FIRST PERSON - Alex Magno (The Philippine Star) - February 9, 2019 - 12:00am

The alert raised by the Department of Health over the measles outbreak is now nationwide. In a matter of days, the alert spread out from the Mega Manila area to as far as Zamboanga in the south and the Ilocos provinces in the north.

Hundreds of people, mostly children, are now confined in hospitals designated by the health authorities. A significant number succumbed to the many complications arising out of infection from the airborne virus.

This is an epidemic that is not supposed to happen anymore. Years ago government offered free vaccination against the virus that causes measles. Unfortunately, so many children were not brought in for vaccination since the scare over Dengvaxia. Because of this, as many as two million children are deemed exposed to the epidemic.

Some have blamed the Public Attorney’s Office for the apparently widespread distrust for the vaccination program. That assignment of blame is misplaced.

The Public Attorney’s Office is merely doing its job. When numerous parents blamed the deaths of their children on the controversial vaccine, they trusted only the Public Attorney to conduct an inquiry on the matter. True, the Public Attorney might have appeared too zealous in its investigation, but it would not have continued with this is there was no case to build.

Only this week, the House of Representatives recommended the filing of charges against former president Noynoy Aquino, former health secretary Janet Garin and former budget secretary Florencio Abad over the Dengvaxia controversy. The House panel is convinced the three conspired to hastily purchase the Dengvaxia vaccine in large quantities shortly before the 2016 elections.

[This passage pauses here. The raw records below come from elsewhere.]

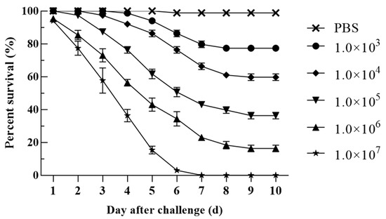 Bacterial concentration was calculated using the plate colony counting method [21]. The healthy hybrid sturgeon were randomly divided into six groups with 30 fish per group. The experimental fish in each group were raised in an independent circulating water system, and the size of the water tank was 1 m × 0.8 m × 0.6 m. The water temperature was 20 ± 1 °C and the pH value was 7.5. The experimental groups were injected intraperitoneally with bacterial solutions of 103, 104, 105, 106, and 107 colony-forming units (CFU)/g fish weight. The control group fish were injected with sterile PBS. After infection, the inoculated fish were observed for 10 consecutive days, and the number of deaths in each group was counted every day. Bacteria were isolated from diseased fish and identified again. The experiment was repeated three times. The 50% lethal dose (LD50) value of the H-701 strain was calculated by the method of Reed and Muench [22].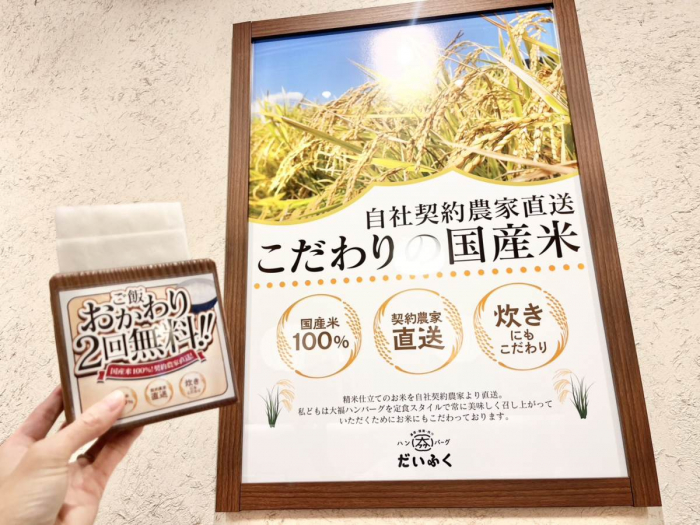 使用しているのは、自社契約農家から直送される国産米。精米仕立てのお米を届けてもらっているため、炊き上がりはふっくら艶やか。ハンバーグの旨みをぐっと引き立てる、主役級の存在感があります。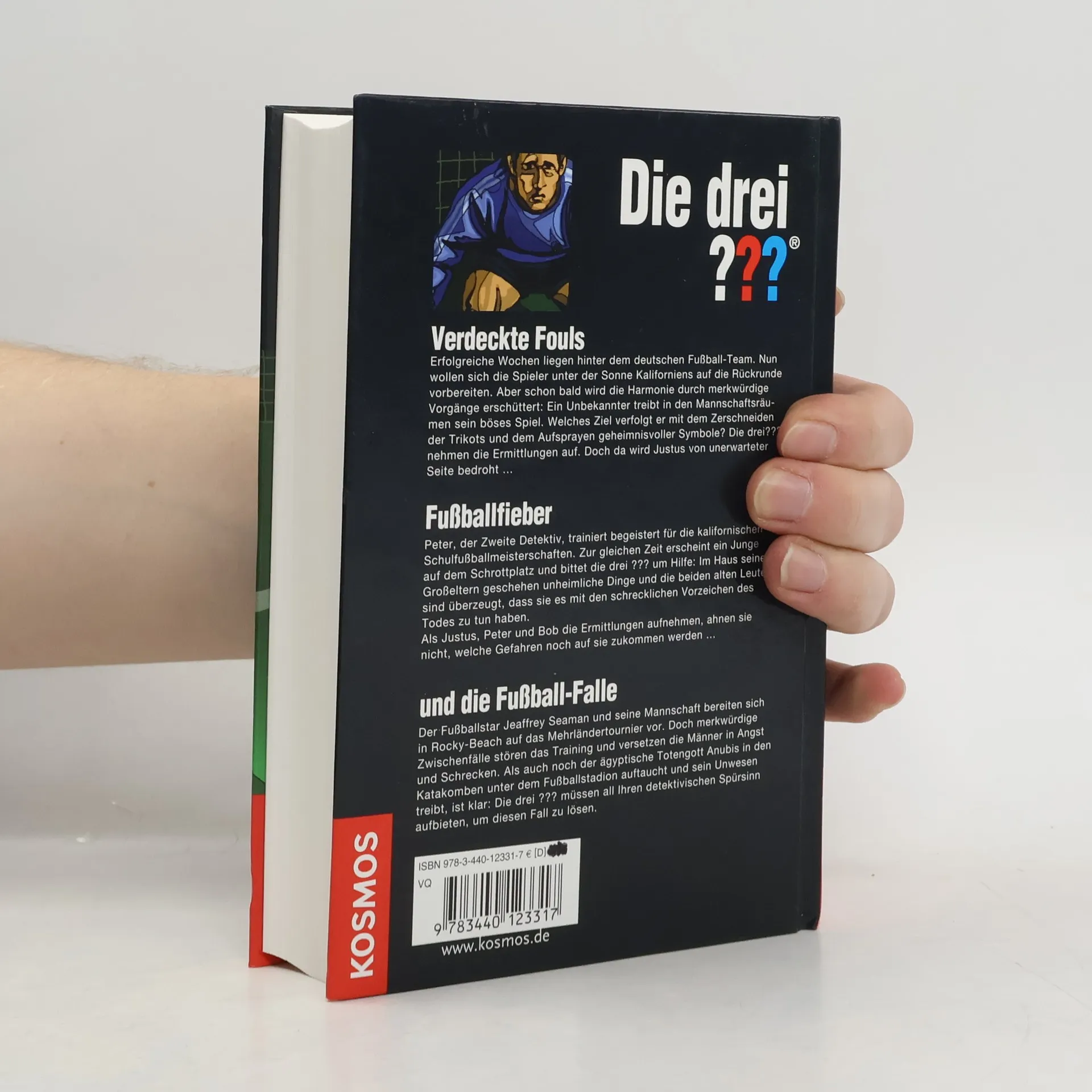 Drei spannende Fußball-Abenteuer in einem Band! Erfolgreiche Wochen liegen hinter dem deutschen Fußball-Team, das sich nun in Kalifornien auf die Rückrunde vorbereitet. Doch die Harmonie wird durch merkwürdige Vorgänge gestört: Ein Unbekannter treibt sein böses Spiel in den Mannschaftsräumen, schneidet Trikots und sprüht geheimnisvolle Symbole. Die drei ??? nehmen die Ermittlungen auf, doch Justus wird unerwartet bedroht. Währenddessen trainiert Peter, der Zweite Detektiv, begeistert für die kalifornischen Schulfußballmeisterschaften. Ein Junge erscheint auf dem Schrottplatz und bittet um Hilfe, da im Haus seiner Großeltern unheimliche Dinge geschehen. Die beiden alten Leute glauben, es mit schrecklichen Vorzeichen des Todes zu tun zu haben. Justus, Peter und Bob ahnen nicht, welche Gefahren auf sie warten, als sie die Ermittlungen aufnehmen. In Rocky Beach bereitet sich der Fußballstar Jeaffrey Seaman mit seiner Mannschaft auf ein Mehrländertournier vor. Doch merkwürdige Zwischenfälle stören das Training und versetzen die Spieler in Angst. Als der ägyptische Totengott Anubis in den Katakomben unter dem Fußballstadion auftaucht, wird klar, dass die drei ??? all ihren detektivischen Spürsinn aufbieten müssen, um diesen Fall zu lösen!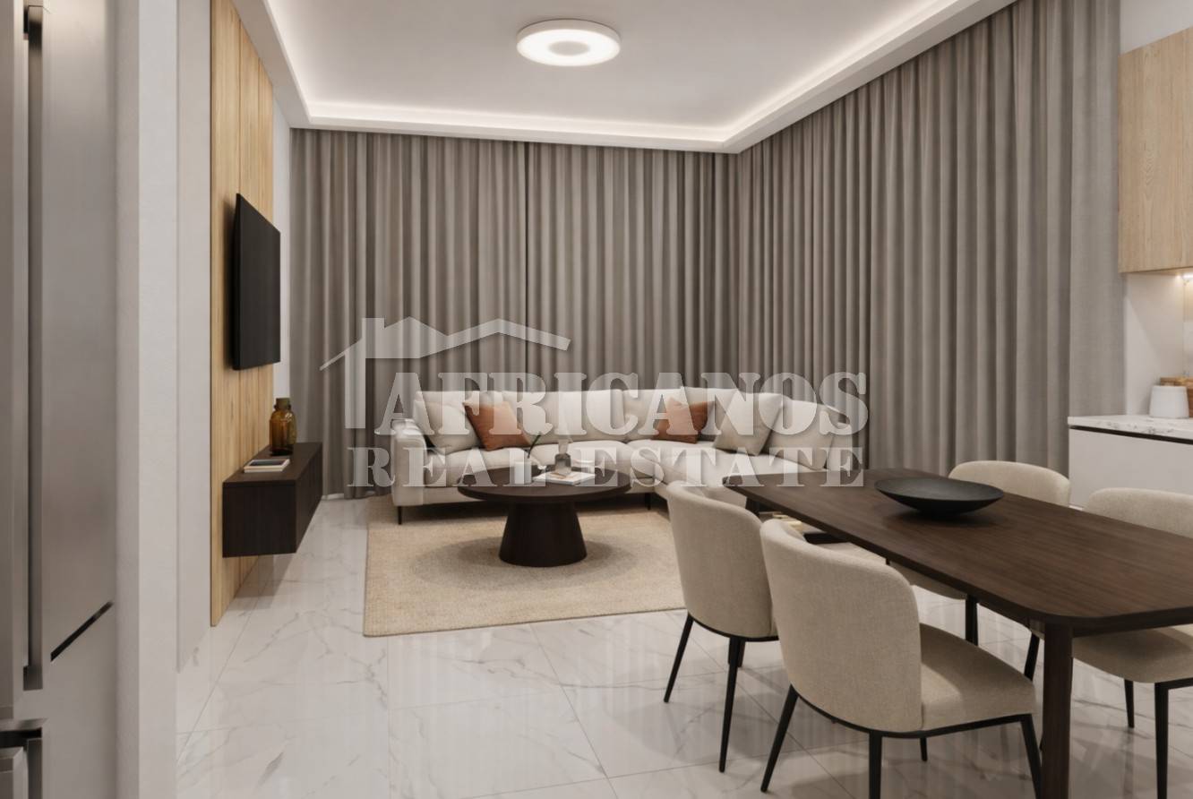#Apartment for sale in Larnaca, Macdonalds-Drive Through area. The property consists of 2 bedrooms, open plan kitchen, living room, 1 bath, 1 shower en-suite, 2wc, laundry bay, roof garden, security entrance, provision for concealed A/C units, decorative false ceiling design.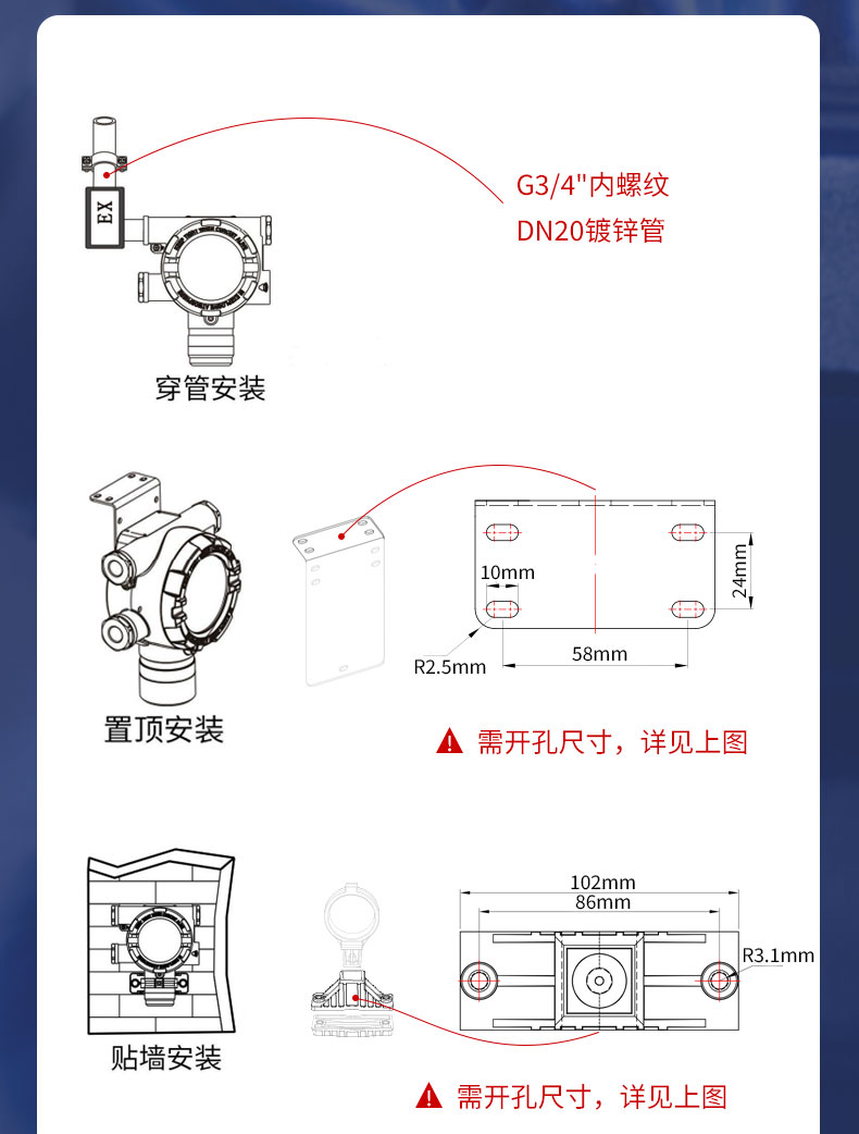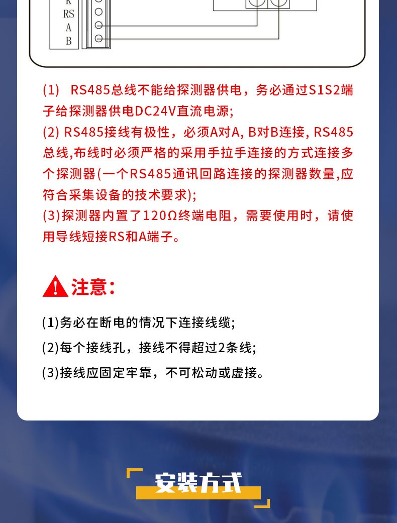 安装方式:贴墙安装,穿管安装,吊顶安装,抱管安装

At the time the procurement was made, the vaccine still has to undergo some more testing to rule out any dangerous side effect. But the former officials, with just weeks left in office, hastily purchased the vaccine and applied them to thousands of children almost haphazardly.

The very poor records keeping of the vaccination program attests to the undue haste. There is no master list of the children that received the vaccine. The sloppiness is frightening.

The community of experts has yet to come to a consensus over the relationship between the vaccine and the reported deaths. Early on, as the controversy was beginning to blossom, the pharmaceutical giant that sold us this vaccine agreed to take back the unused stock and refund the Philippine government for it. That was more of a public relations move than anything else.

At any rate, the three officials the congressmen now want charged did demonstrate an alarming lack of prudence in arriving at what might be a negligent decision. The Dengvaxia controversy sufficiently alarmed parents who have since refused to have their children vaccinated. Now, the unvaccinated children are exposed to a different virus.

Before the Dengvaxia controversy, parents had full trust in the various vaccination programs undertaken by our health authorities. That trust has been broken by the utter negligence displayed by the previous administration.

Should the ongoing measles epidemic take more casualties, the previous administration should bear at least moral responsibility for this. They broke the trust so vital in making the various vaccination programs feasible.

Last week, President Duterte no less appealed to parents to trust our health authorities and submit their children for vaccination.  Even if he is the most trusted Filipino today, the President cannot quickly repair the loss of trust that has happened.

Besides, it now appears there has been systemic failing in the vaccination program itself.

The first failing was Noynoy Aquino’s. He invested scarce public funds on an anti-dengue vaccination program even if this was not near the top of urgent infection threats. He could have invested the money in anti-measles vaccines which are tried and tested and, as is now obvious, necessary.

Health authorities now tell us that 90 percent of those infected in this most recent epidemic have not been vaccinated. Dr. Susan Mercado of the Red Cross says the current epidemic would not be happening if our health authorities maintained its immunization target at about 95 percent.

But even if we had enough vaccines and enough health technicians to administer them, there is still the chasm of distrust to contend with. The children cannot be forcibly vaccinated if they do not trust the program.

The only way to effectively fight the measles epidemic is to undertake mass vaccinations of children. Trust in this program will have to be rebuilt very quickly. That is easier said than done.

Given the situation, we need a broad campaign involving grassroots groups and religious leaders to convince alarmed parents that accepting vaccination for our children is the best defense against the ongoing epidemic.

Anyone with any credibility – movie stars, admired athletes, TV personalities – should be pressed to the service. It would be nice if the Catholic hierarchy issues an advisory to parishioners. Corporations could fund advertising campaigns. Local governments and village leaders must participate in the information campaign.

The message needs to be urgently delivered. Massive vaccination against measles is the last trench we have to stop this epidemic. This epidemic is not something that will run out soon.   

For its part, public health authorities must stockpile the vaccine and distribute them quickly. The entire public health apparatus must be called to action.

What a pathetic country we will appear to be in the eyes of the world if ancient diseases effectively preventable by modern vaccines run rampant. The lives of so many children are at stake here.